Every record must be transcribed in its entirety, apart from the images, which are to be omitted.

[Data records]

%%

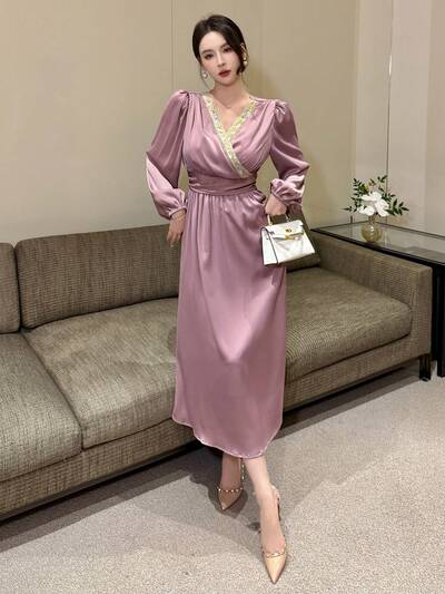 Women's Satin Elegant Party Midi Dress, Spring/Fall,Formal Women Dresses Long Sleeve Dress Prom Dress-23%
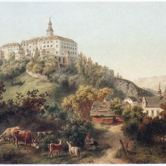 Náchod Castle is a fortress in the northern Bohemian city of Náchod with multiple courtyards and thick stone walls enclosing the complex. The central tower contains underground chambers and dungeons beneath its foundations.
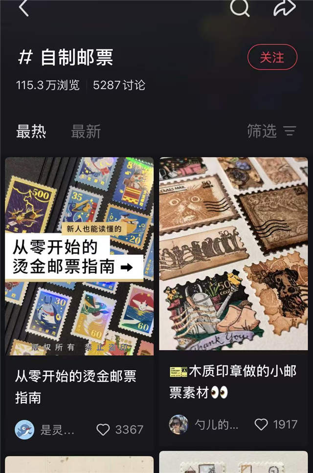 这样有趣却并不费事的手工受到许多爱好者的欢迎。小红书上,自制邮票有115.3万浏览量,5287条讨论,用木质印章做邮票、绘制烫金材质邮票,创作者在邮票上的创意无限。
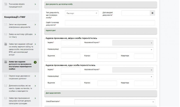 У особистому кабінеті знайдіть меню ліворуч. У розділі «Комунікації з ПФУ» виберіть пункт «Заява про надання допомоги на проживання ВПО».
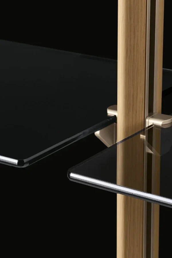 Исполнение стоек варьируется от технологичных металлических отделок до тактильного шпона дуба и вяза, что позволяет системе менять облик от индустриального до классического. Продуманная функциональность дополняется встроенной диммируемой LED-подсветкой и специализированными модулями, включая секции для ТВ с кабель-менеджментом, что делает Lexington идеальным решением для современной гостиной.
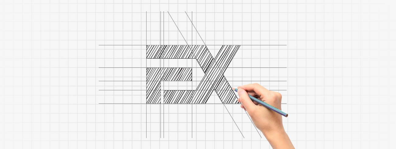E上半部分的空缺象征个性、未知和攀爬;EX的连接象征陪伴和一路同行。
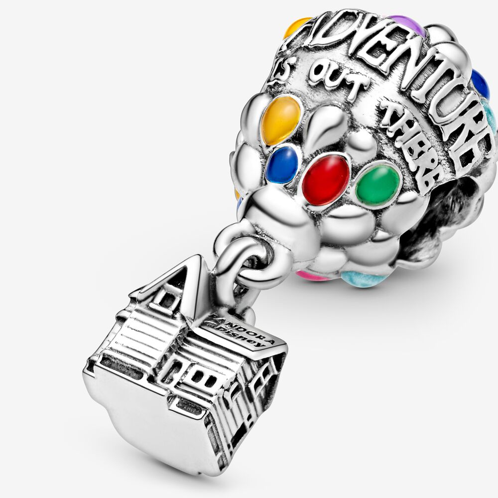 Get ready to go on a journey of a lifetime with Disney Pixars Up House & Balloons Charm. The colourful charm features a bundle of hand-applied enamel princess blue, light blue, mandarin orange, pale cerise, vibrant green, purple and magenta balloons carrying the sterling silver dangle house that Carl uses to go on his fantastic journey. Raised letters amongst the many colourful balloons add an inspirational touch with the statement Adventure is out there.
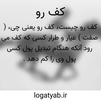 ( صفت ) عیار و طرار کسی که کف می رود آنکه هنگام تبدیل پول کسی پول وی را کم دهد.
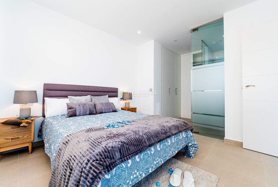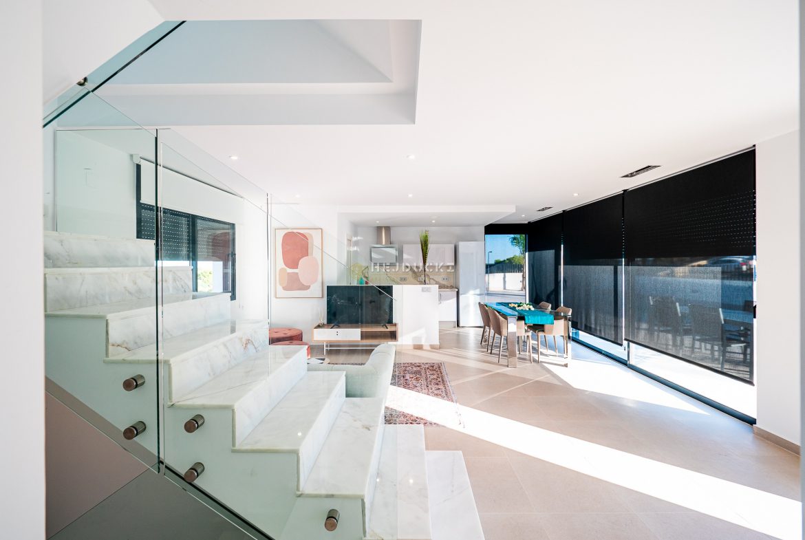 Another development offer by the golf course. 30 single-family houses surrounded by greenery. Algorfa is a town located just 20 minutes from sandy beaches and about 30 minutes from Alicante airport. Golf enthusiasts will find one of the best golf courses on the Costa Blanca. The villas have 3 bedrooms and 3 bathrooms fully finished. Prices start from 337,000 plus VAT.
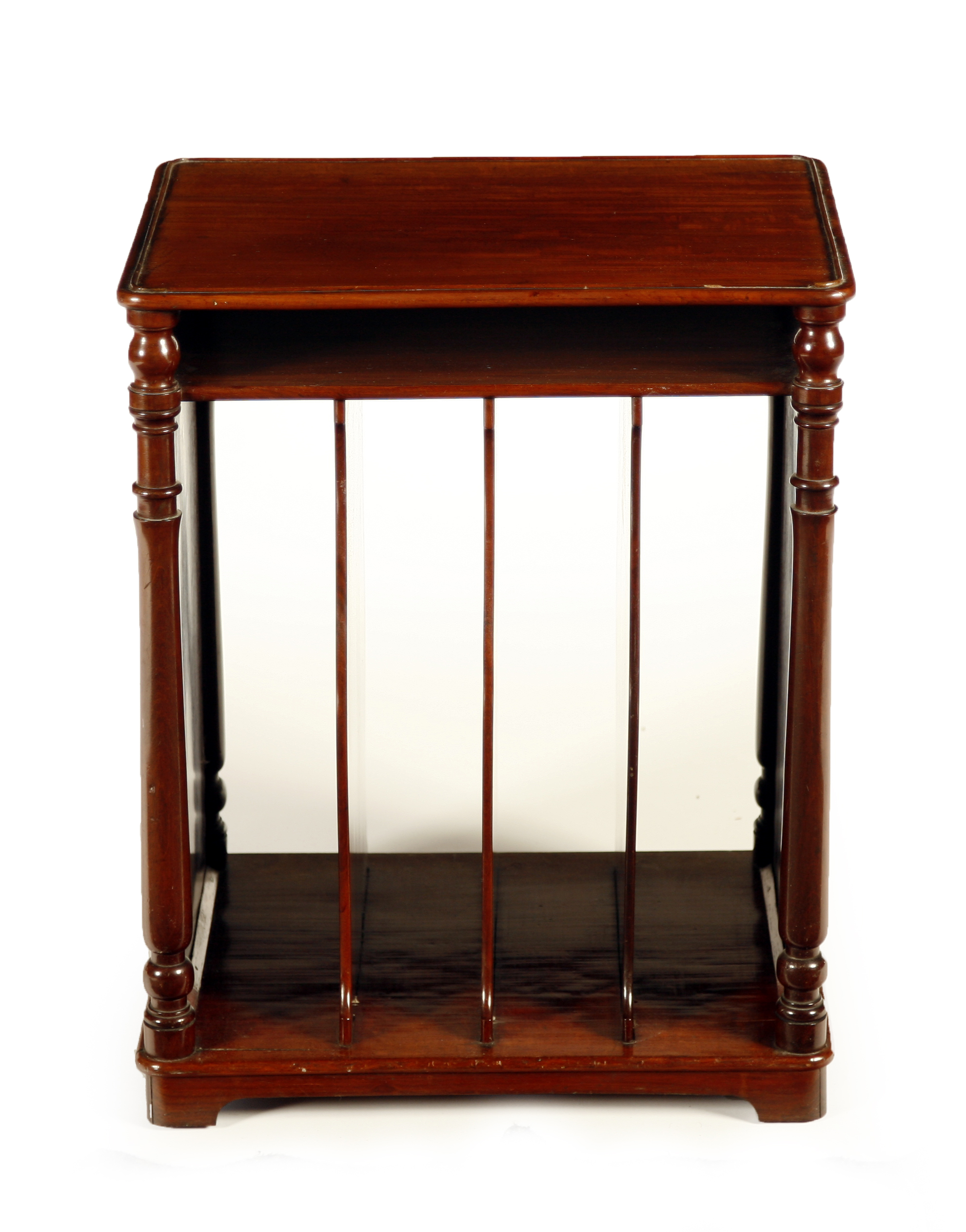 with an open platform above four open shelves/dividers, flanked by two pairs of turned columns
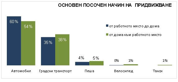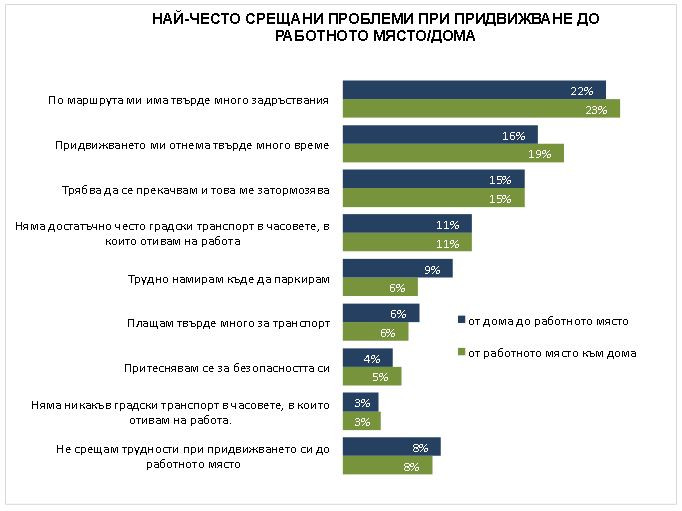 Като основни проблеми при придвижване и в двете посоки, към и от работното място, анкетираните посочват задръстванията, времето на придвижване, прекачването, нередовния градски транспорт, липсата на места за паркиране.
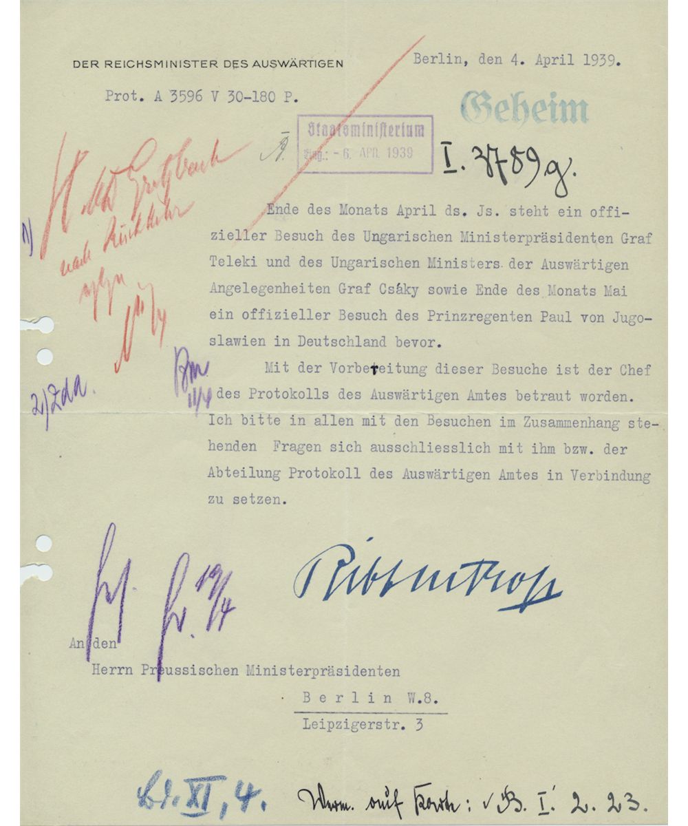 (1893 - 1946) Nazi foreign minister. First of the Nuremberg defendants to hang on October 16, 1946. T.L.S. with printed signature on his State Department letterhead, 1p. 4to., Berlin, Apr. 4, 1939 to HERMANN GOERING. In part: "...At the end of the month of April of this year, we are expecting a visit from the Hungarian Minister President Graf Teleki and the Minister of State Graf Csaky...and at the end of May and official visit by Prince Regent Paul of Yugoslavia...". Multiple dockets, else very good.

%%

Solution to the exercise:
 Women's Satin Elegant Party Midi Dress, Spring/Fall,Formal Women Dresses Long Sleeve Dress Prom Dress-23%
 Náchod Castle is a fortress in the northern Bohemian city of Náchod with multiple courtyards and thick stone walls enclosing the complex. The central tower contains underground chambers and dungeons beneath its foundations.
 这样有趣却并不费事的手工受到许多爱好者的欢迎。小红书上,自制邮票有115.3万浏览量,5287条讨论,用木质印章做邮票、绘制烫金材质邮票,创作者在邮票上的创意无限。
 У особистому кабінеті знайдіть меню ліворуч. У розділі «Комунікації з ПФУ» виберіть пункт «Заява про надання допомоги на проживання ВПО».
 Исполнение стоек варьируется от технологичных металлических отделок до тактильного шпона дуба и вяза, что позволяет системе менять облик от индустриального до классического. Продуманная функциональность дополняется встроенной диммируемой LED-подсветкой и специализированными модулями, включая секции для ТВ с кабель-менеджментом, что делает Lexington идеальным решением для современной гостиной.
E上半部分的空缺象征个性、未知和攀爬;EX的连接象征陪伴和一路同行。
 Get ready to go on a journey of a lifetime with Disney Pixars Up House & Balloons Charm. The colourful charm features a bundle of hand-applied enamel princess blue, light blue, mandarin orange, pale cerise, vibrant green, purple and magenta balloons carrying the sterling silver dangle house that Carl uses to go on his fantastic journey. Raised letters amongst the many colourful balloons add an inspirational touch with the statement Adventure is out there.
 ( صفت ) عیار و طرار کسی که کف می رود آنکه هنگام تبدیل پول کسی پول وی را کم دهد.
 Another development offer by the golf course. 30 single-family houses surrounded by greenery. Algorfa is a town located just 20 minutes from sandy beaches and about 30 minutes from Alicante airport. Golf enthusiasts will find one of the best golf courses on the Costa Blanca. The villas have 3 bedrooms and 3 bathrooms fully finished. Prices start from 337,000 plus VAT.
 with an open platform above four open shelves/dividers, flanked by two pairs of turned columns
 Като основни проблеми при придвижване и в двете посоки, към и от работното място, анкетираните посочват задръстванията, времето на придвижване, прекачването, нередовния градски транспорт, липсата на места за паркиране.
 (1893 - 1946) Nazi foreign minister. First of the Nuremberg defendants to hang on October 16, 1946. T.L.S. with printed signature on his State Department letterhead, 1p. 4to., Berlin, Apr. 4, 1939 to HERMANN GOERING. In part: "...At the end of the month of April of this year, we are expecting a visit from the Hungarian Minister President Graf Teleki and the Minister of State Graf Csaky...and at the end of May and official visit by Prince Regent Paul of Yugoslavia...". Multiple dockets, else very good.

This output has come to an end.